Passive FE models use idealized follower load/moment loading scenarios to mimic in vivo loading conditions13,14,17,18,91,92,93,94. Such a purely compressive follower load influences spinal kinematics/kinetics and overlooks shear loads in adjacent segments26. Our results, however, show important post-fusion changes in adjacent segment shear loads (Table 1). Furthermore, these models generally use a force control protocol with identical loads in pre- and post-operative conditions. Consequently, they estimate, unlike our findings here, postoperative increases in adjacent segment IDPs13,14,17,18,92,93,94.

Limitations

Available image-based in vivo kinematics data for intact, degenerated and fused conditions are dispersed and limited11,42. Fusion simulations were not performed on the preoperative degenerated models.

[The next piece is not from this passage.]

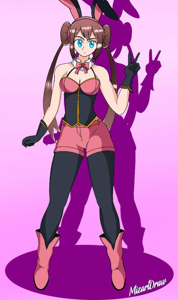 #boots #bunnygirl #commission #cuffs #ears #flannery #pokemon #redhair #tights #trainer #cinderace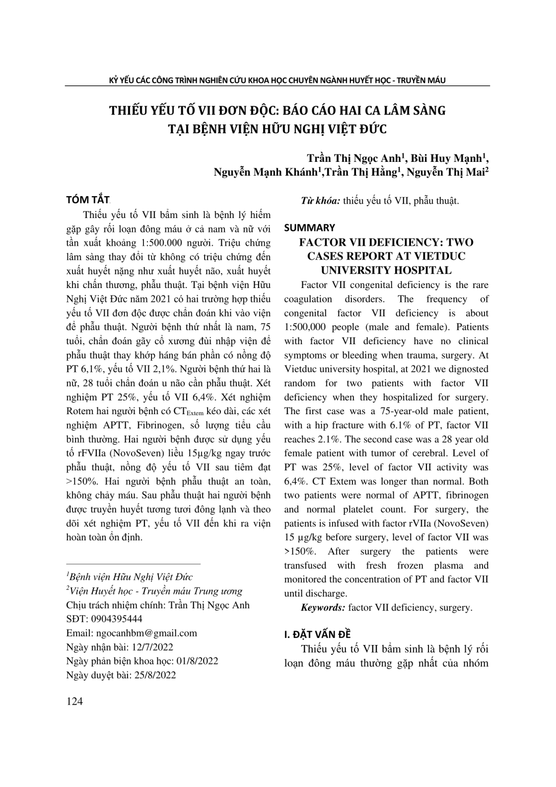 Thiếu yếu tố VII bẩm sinh là bệnh lý hiếm gặp gây rối loạn đông máu ở cả nam và nữ với tần xuất khoảng 1:500.000 người. Triệu chứng lâm sàng thay đổi từ không có triệu chứng đến xuất huyết nặng như xuất huyết não, xuất huyết khi chấn thương, phẫu thuật. Tại bệnh viện Hữu Nghị Việt Đức năm 2021 có hai trường hợp thiếu yếu tố VII đơn độc được chẩn đoán khi vào viện để phẫu thuật. Người bệnh thứ nhất là nam, 75 tuổi, chẩn đoán gãy cổ xương đùi nhập viện để phẫu thuật thay khớp háng bán phần có nồng độ PT 6,1%, yếu tố VII 2,1%. Người bệnh thứ hai là nữ, 28 tuổi chẩn đoán u não cần phẫu thuật. Xét nghiệm PT 25%, yếu tố VII 6,4%. Xét nghiệm Rotem hai người bệnh có CTExtem kéo dài, các xét nghiệm APTT, Fibrinogen, số lượng tiểu cầu bình thường. Hai người bệnh được sử dụng yếu tố rFVIIa (NovoSeven) liều 15μg/kg ngay trước phẫu thuật, nồng độ yếu tố VII sau tiêm đạt >150%. Hai người bệnh phẫu thuật an toàn, không chảy máu. Sau phẫu thuật hai người bệnh được truyền huyết tương tươi đông lạnh và theo dõi xét nghiệm PT, yếu tố VII đến khi ra viện hoàn toàn ổn định.

It is expected that the influence of the preoperative disc degeneration on spinal kinematics diminishes after the surgery by restoring the disc height with an interbody fusion device. Our MS model employs an optimization method to estimate muscle forces. It is unknown whether the central nervous system controls muscle forces in a compatible manner especially in patients. Moreover, the model used in this study is generic and neglects patient-specific parameters such as the spinal sagittal alignment, passive properties, and muscle characteristics. Finally, MS models have intrinsic limitations in not predicting internal stress/strain in ligaments, facet joints, vertebrae, and disc annulus/fiber networks. The gold standard model to investigate the biomechanical effects of pathological conditions remains the novel coupled MS-FE model of the spine that simultaneously incorporates detailed architecture of muscles and joints49.

Conclusions

The preoperative disc condition, postoperative alterations in segmental lordosis/lumbopelvic rhythm/vertebral movements, and adjacent level position affected the alterations in adjacent segment biomechanics. The primary variable influencing the adjacent segment kinetics when reaching a unique posture was, however, the extent of differences in the lumbar segmental flexion angles between preoperative and postoperative states. Surgical interventions should therefore focus on making minimal changes in movement patterns while postoperative rehabilitation programs should attempt to restore near normal motions.. Any indirect modifications in the global alignment and pelvic flexion angle, for example following a rehabilitation program, that change the lumbar segmental kinematics will inevitably also influence spinal forces. Finally, in vivo kinematics data for intact, degenerated and fused conditions under various activities are needed in patients for more accurate simulations.